Drew Chapman says you need to create a hero that people can relate to. “I want to see a hero who’s sort of like me, who is just an everyday guy who might have a particular specialty in life who applies that specialty to the world.”
He believes that a strong story always centres on a character. “All of my books, all my television writing, whatever I do, it’s always about a character, it’s always about a person. I always shape the story around that one person.”
GETTING TO KNOW YOUR HERO
Drew’s books centre around a main character named Garrett Riley, a young bond trader in New York City. “It takes me weeks, sometimes years, while I’m working on other things to think of that character that I want to write. Like, in this case Garrett Riley. So, I have this guy and I’m like, ‘Oh, I want to write about him.’
“Then I think about who he is, and I sit down at my computer and this I guess is my Isabel Allende moment, right? I sit down and free associate about him and what his problem is and who he is and what his situation is – his parents and his past and his issues and his flaws and who he loves.

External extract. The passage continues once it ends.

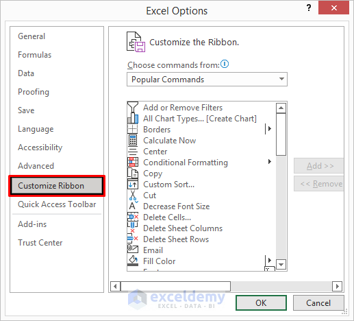 Open Excel and click the File tab-Options-Customize Ribbon.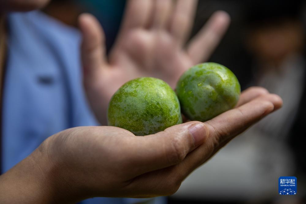 6月30日,在重慶市巫山縣曲尺鄉柑園村,主播劉嘉陵在網絡直播中展示并介紹巫山脆李。

“And I just write that for as long as it takes. Sometimes it’s, like, an afternoon. Sometimes it’s, like, weeks. I just sit and I keep writing and the document can be 50 pages long, and it’s all just nonsense, but it gets it onto the page for me and I refine and I get closer and closer.”
THINKING IN THIRDS
“Once I’ve finished that up, I start laying out the story. And I work in big chunks. Because I’m trained as a screenwriter, I think in thirds,
I think in first act, second act, third act. So I think, ‘OK, in this first act this is what’s going to happen at the end of the first act. This is that big change, this is the big sort of reversal. Here’s my middle, and that’s going to be the middle of the book. Then at the end of that here’s my next big switch-a-roo. And then this is the goal I’m writing towards, here’s my finale. And here’s how it’s going to end. And even before I’ve figured out any of those in between stages, I need to know what the final scene is.
“I always say that this is not Tolstoy, this is a book you pick up at the airport in Los Angeles and you read as you’re flying to New York.
I love those books. I think those books are great and fun, but these always have these protagonist who are so macho and male, and like they could kill you with their little pinky, I just I don’t know that person. I’ve never met that person.”
DREW’S TIP: IN THE MIDST OF THE ACTION, IT’S ABOUT REVEALING YOUR MAIN CHARACTER
“I like to think that even though I write stuff that has a lot of sort of action and thriller-y, mystery stuff in it, it’s just a character study. It’s just about people. And, so what are the scenes that are interesting and fun that really reveal who this guy is and all of the people around him?”